Figure 4(a) shows the relationship between coverage and population size when running GA/SAPSO, PSO, and GA algorithms. With the increase of population size, the three intelligent algorithms will improve the coverage of the network. It can be seen that the GA/SAPSO algorithm proposed in this article is obviously better than the PSO algorithm and the GA algorithm. In terms of the maximum coverage that can be achieved under different population sizes, the GA/SAPSO algorithm has a great improvement compared with the GA algorithm, but the advantage of the PSO algorithm is not obvious at the initial stage with the increase of population size. When the population size is larger than 9, the coverage rate of GA/SAPSO algorithm is larger, which is gradually better than that of PSO algorithm. In terms of coverage growth, the coverage growth rate of GA/SAPSO algorithm and GA algorithm increases at first and then slows down. Among them, when the population size is 12, the coverage rate of GA/SAPSO algorithm reaches 80% and then slows down. When the population size is 14, the growth rate of GA algorithm slows down after 83%. Both algorithms grow rapidly in the early stage, and can reach the peak quickly. However, the coverage rate of GA algorithm is only 74.5% when the population size is 12, while the coverage rate of GA/SAPSO algorithm is 90% when the population size is 14. Therefore, with the increase of population size, the coverage rate of GA/SAPSO algorithm and GA algorithm is faster and can reach the peak value quickly, but the peak value of GA/SAPSO algorithm is much higher than that of GA algorithm under different population sizes. When the population size is less than 9, the coverage of PSO algorithm and GA/SAPSO algorithm go hand in hand, but because the coverage rate of PSO algorithm is slow, when the population size is larger than 9, the coverage rate of GA/SAPSO algorithm is obviously higher than that of PSO algorithm. Therefore, no matter in terms of the maximum coverage that can be achieved under different population sizes, or in terms of coverage growth, the GA/SAPSO algorithm is superior to the GA algorithm and the PSO algorithm.

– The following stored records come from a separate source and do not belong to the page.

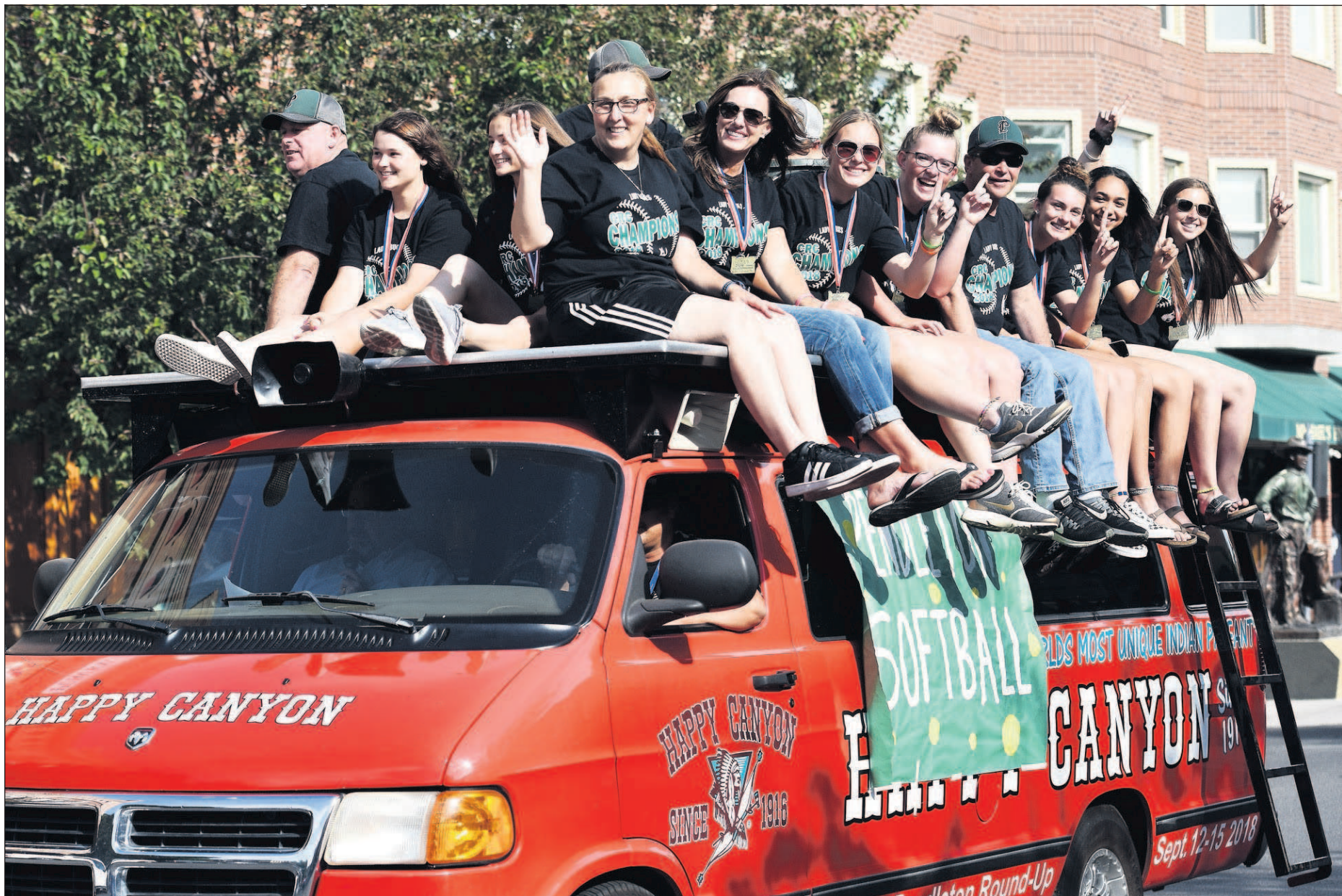
The Pendleton Buckaroos ride on top of the Happy Canyon van down Main Street on Wednesday in Pendleton. The Bucks were celebrating their 7-0 win against Putnam in the 5A state championship softball game last weekend.
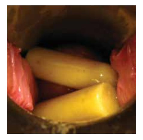
Step 4 Insert 2 Vag Pack<sup>d</sup> suppositories into the vagina, against the surface of the cervix.

<sup>a</sup>Bromelain contains proteolytic enzymes, which have antiedematous, anticoagulant, and antimetastatic properties. As part of the escharotic treatment, it is used to promote soft-tissue wound healing.<sup>14-16</sup>
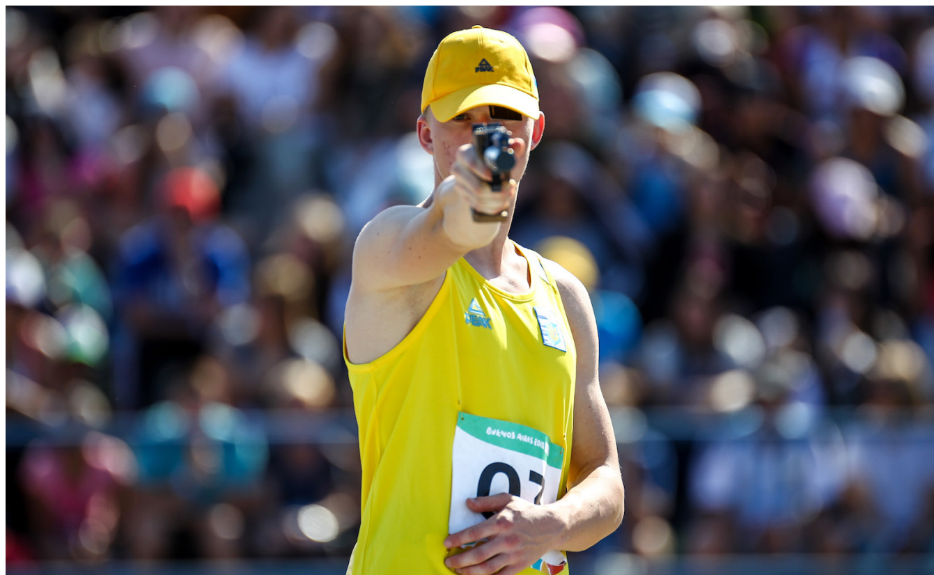
A dramatic shot from the Laser Run during the Men's Individual event at Buenos Aires 2018
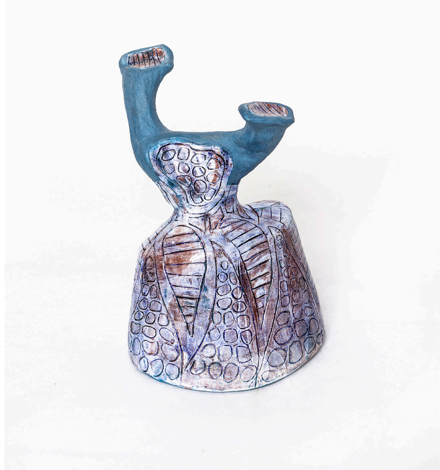
Deborah Weber Organism fauna 1, 2022 Ceramics 13.5 x 17.5 cm R4 240 (inc VAT)
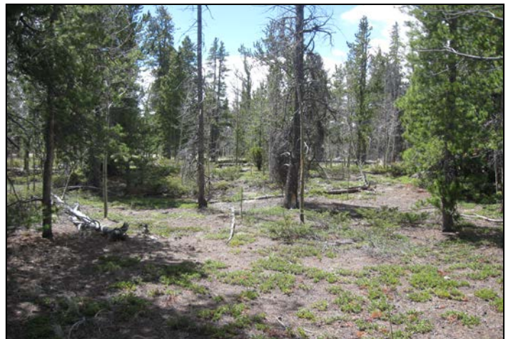
6. Typical vegetation surrounding the mine site.
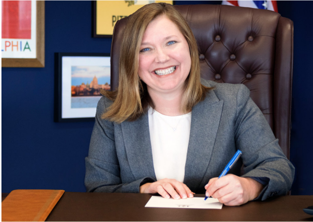
Michelle A. Henry Attorney General

Environmental protection is one of my top priorities. It's also a constitutional right in our Commonwealth; that's why our Constitution gives all of us the right to clean air, pure water, and the preservation of our natural resources. I am committed to protecting those rights through the prosecution of criminal actions and the pursuit of civil cases. I pledge to ensure that generations to come have access to the same resources we have today.
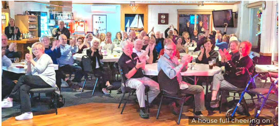
A house full cheering on

Figure 4(b) shows the relationship between coverage and the number of iterations when running GA/SAPSO, PSO, and GA algorithms. In terms of the maximum coverage that can be achieved by the same number of iterations, the GA/SAPSO algorithm is obviously superior to the GA algorithm and the PSO algorithm. In terms of coverage growth, the GA/SAPSO algorithm approaches the peak and converges rapidly at 140 iterations, while the remaining two algorithms are still growing rapidly after 140 iterations. Therefore, the GA/SAPSO algorithm can reach the optimal value faster and the convergence speed is faster. In the aspect of algorithm convergence, the GA/SAPSO algorithm shows a better simulation effect. From the change curve of the GA/SAPSO algorithm, it can be seen that the algorithm can continuously jump out of the local optimal solution and converge to the global optimal solution more quickly. Compared with Figure 4(a), the initial coverage in Figure 4(b) is relatively large and the later coverage is similar, indicating that the number of receiving nodes has a greater impact on the coverage than the number of iterations. To sum up, the feasibility and convergence speed of GA/SAPSO algorithm are better than the other two algorithms.

Experimental verification

In order to verify the practical application of this method, we set up an experimental platform for practical verification. The equipment used in the experiment is the STM32W108 development board, and the node uses the STM32W108 radio frequency transceiver module which conforms to the IEEE802.15.4/ZigBee standard. The development board supports random selection of channels 11–26, and the radio frequency transceiver module sends broadcast packets on one of the channels randomly selected by the development board. Figure 5(a) and (b) shows the circuit boards of the STM32W108 development board and the radio frequency transceiver module, respectively, powered by a battery box with three No. 5 batteries. The online debugging circuit is a 20-pin Joint Test Action Group (JTAG) circuit, which can be connected to JLink to realize program burning and online debugging.

Figure 5.

(a) STM32W108 development board and (b) STM32W108 wireless RF transceiver module.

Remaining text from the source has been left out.